Look what I got in my email Friday night:

Pluralsight Informational Interviews

Go to the Informational Interviews course

I’m counting this as my 36th course, even thought it replaces one I did back in 2012 (or was it 2013?).

After doing my first course with Pluralsight, in 2012, I pitched them a course on informational interviews. By that time I had been speaking a lot on stage and was passionate about informational interviews as the best tool/tactic/strategy for job seekers.

Here we are in 2020 and I continue to believe (and) say that. I can’t imagine a more important way for you to spend your time, especially the time you have control over (quiet time, time when no one is reaching out to you, which I had in abundance in my job search).

Beyond being the best tactic for job seekers, it is an excellent tactic/strategy for people who are ready to really, seriously, and strategically network. It’s an super tactic/strategy for small business owners who are looking for partners, customers, investors, etc.

A friend of mine is a professional speaker.

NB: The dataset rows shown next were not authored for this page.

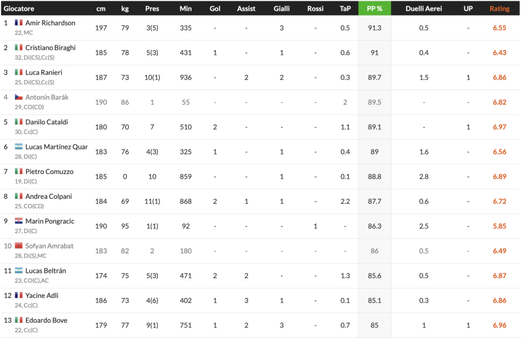 PRECISIONE. Non male neppure la capacità di effettuare passaggi precisi. Cataldi ha la seconda miglior percentuale tra i centrocampisti della Fiorentina: 89.1%, dietro solo a Richardson (91.3%). E’ quinto, invece, Bove con l’85% di passaggi completati. Numeri quindi in evidente crescita che mostrano come l’ambiente viola faccia bene ai due giocatori, e gettano le basi per discorsi concernenti l’eventuale riscatto di entrambi.
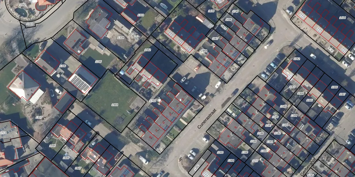 Het perceel waarop Cunerastraat 79 staat heeft een oppervlakte van 1354 m². Dit is een zeer groot perceel. De perceeloppervlakte wordt geregistreerd door het Kadaster. Gedetailleerde informatie over de maten van dit perceel kunt u vinden in het rapport Kadastrale kaart met maatvoering van Cunerastraat 79.
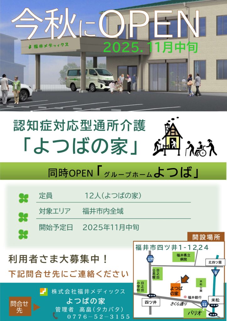 「よつばの家」新規オープン予定! 2025.10.02 「よつばの家」新規オープン予定! 2025年11月中旬! 福井市四ツ井に認知症対応型通所介護「よつばの家」が新規オープン! 利用者を募集しております。 お気軽にお問い合わせください! 電話番号:0776-52-3155担当:高畠(タカバタ)
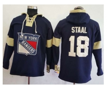 Men's New York Rangers #18 Marc Staal Navy Blue Pullover Hoodie Stitched NHL Jersey
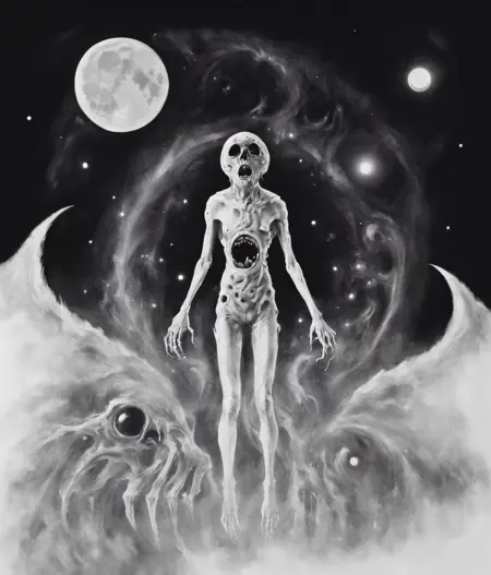 コズミックホラーなDisco Diffusionのレンダリングから選ばれた少量のデータで学習されました。
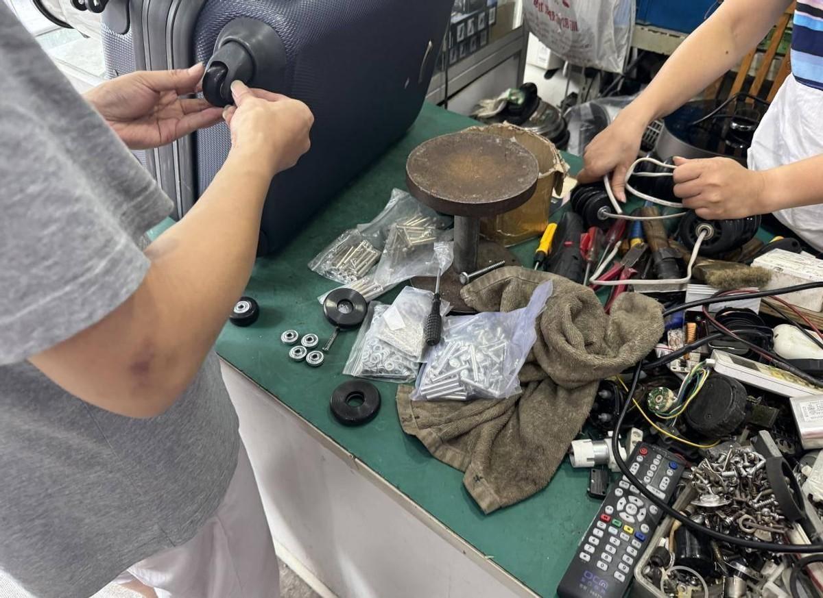 冯师傅正在修理一个旅行箱的轮子。人民网记者 龚莎摄

He asked “could I use this to get more speaking business?” ABSOLUTELY.

Informational interviews is simply strategic, purposeful networking. It is networking with a system instead of accidental networking.

I believe in informational interviews so much I created a 6 week job search program that focuses on using informational interviews to find leads, and get you closer to job interviews.

Otherwise, for a hour+ course, click on this link to the Pluralsight Informational Interviews course. Need a 30 day pass? Hit me up :)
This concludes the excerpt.